Der Schirm macht die Musik
Gleichstellung. Die großen US-Orchester waren noch 1970 fast rein männlich – bis man Wandschirme zwischen Jury und Bewerber stellte.
Wien. Worauf achtet ein Dirigent, wenn sich ein Musiker durch ein Vorspielen für sein Orchester bewirbt? Auf die Töne, die aus dem Instrument kommen, nicht auf Geschlecht oder Hautfarbe des Bewerbers – das würde wohl jeder Kapellmeister mit dem Brustton der Überzeugung von sich behaupten. Und nicht erst heute, sondern schon 1970.
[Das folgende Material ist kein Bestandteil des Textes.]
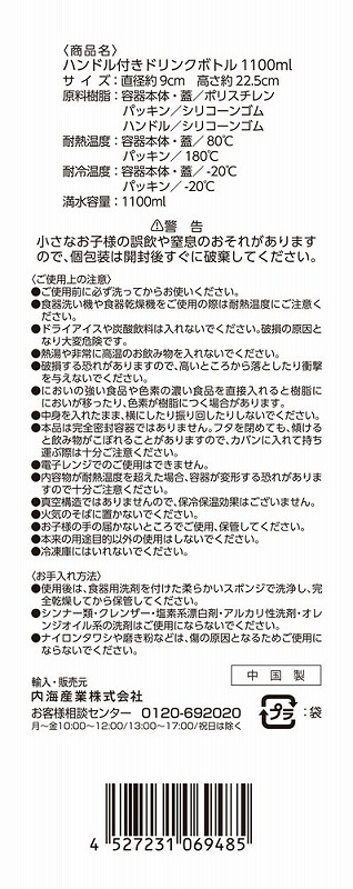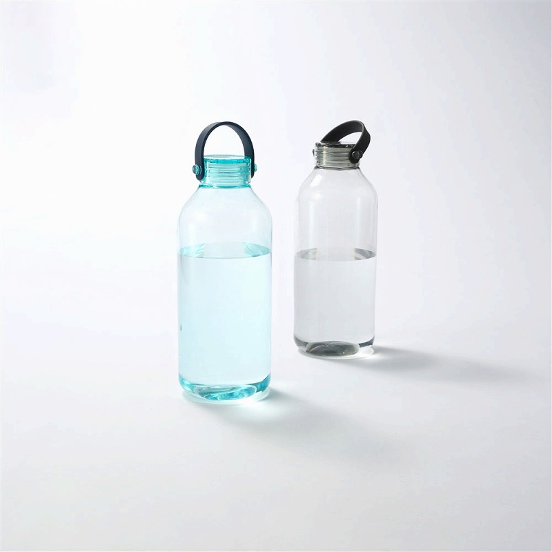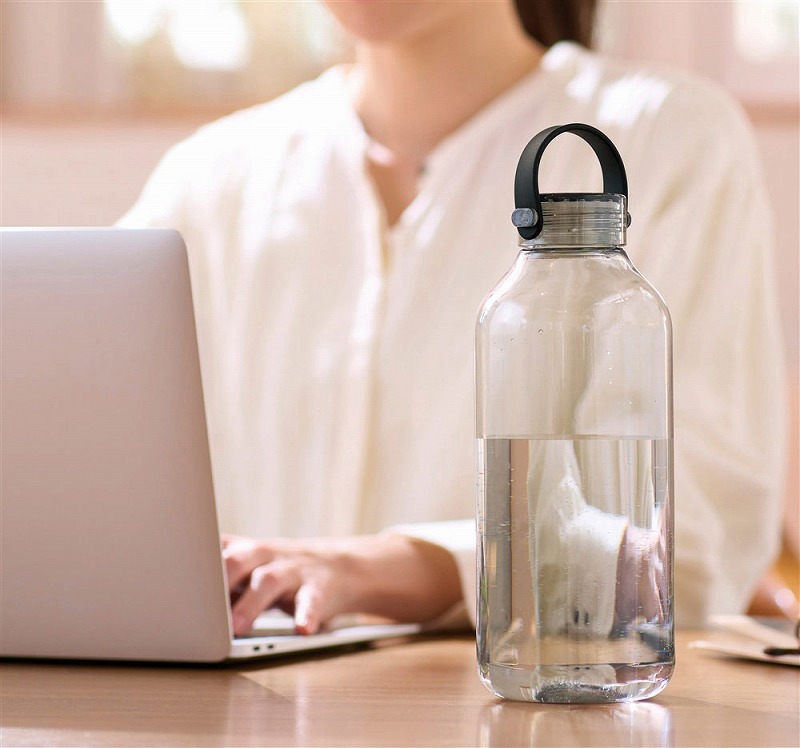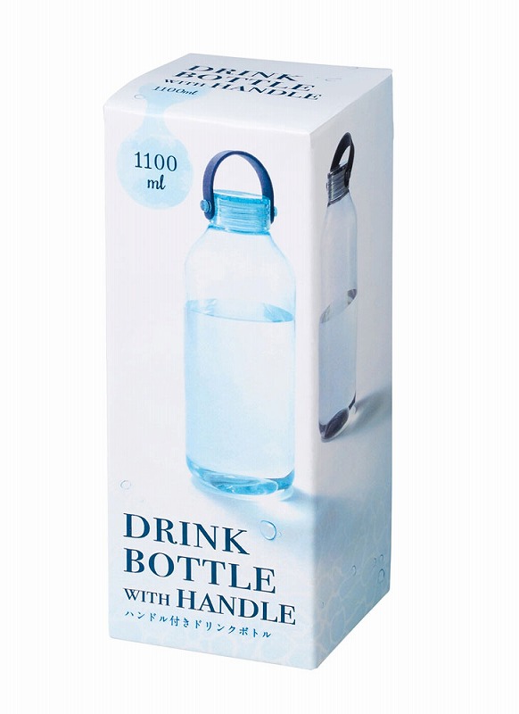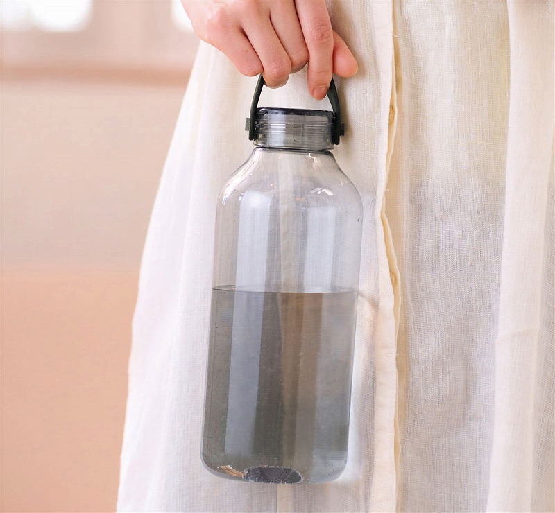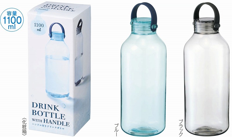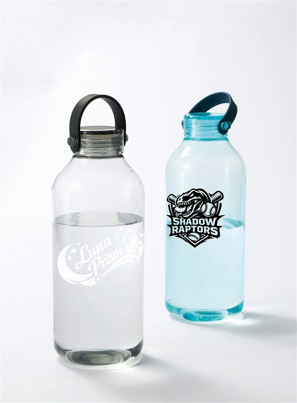 透明度が高く、においの少ないポリスチレン製のウォーターボトル。蓋は持ち運びしやすいハンドル付き。名入れ範囲も広く、ロゴなどを大きく印刷すればボリューム感もあいまってインパクトは抜群です。

Aber damals lag der Frauenanteil in den fünf wichtigsten Orchestern der USA bei gerade einmal fünf Prozent (die Wiener Philharmoniker nahmen überhaupt erst 1997 das erste weibliche Mitglied auf ). Der Schluss, der sich aufdrängte: Frauen sind einfach die schlechteren Musiker. Bei dieser Überzeugung blieb es, bis das Boston Symphony Orchestra damit begann, zwischen die Jury und die Bewerber einen Wandschirm zu stellen. Die meisten anderen Orchester folgten mit Schirmen oder Vorhängen im Laufe der 1970er- und 1980er-Jahre.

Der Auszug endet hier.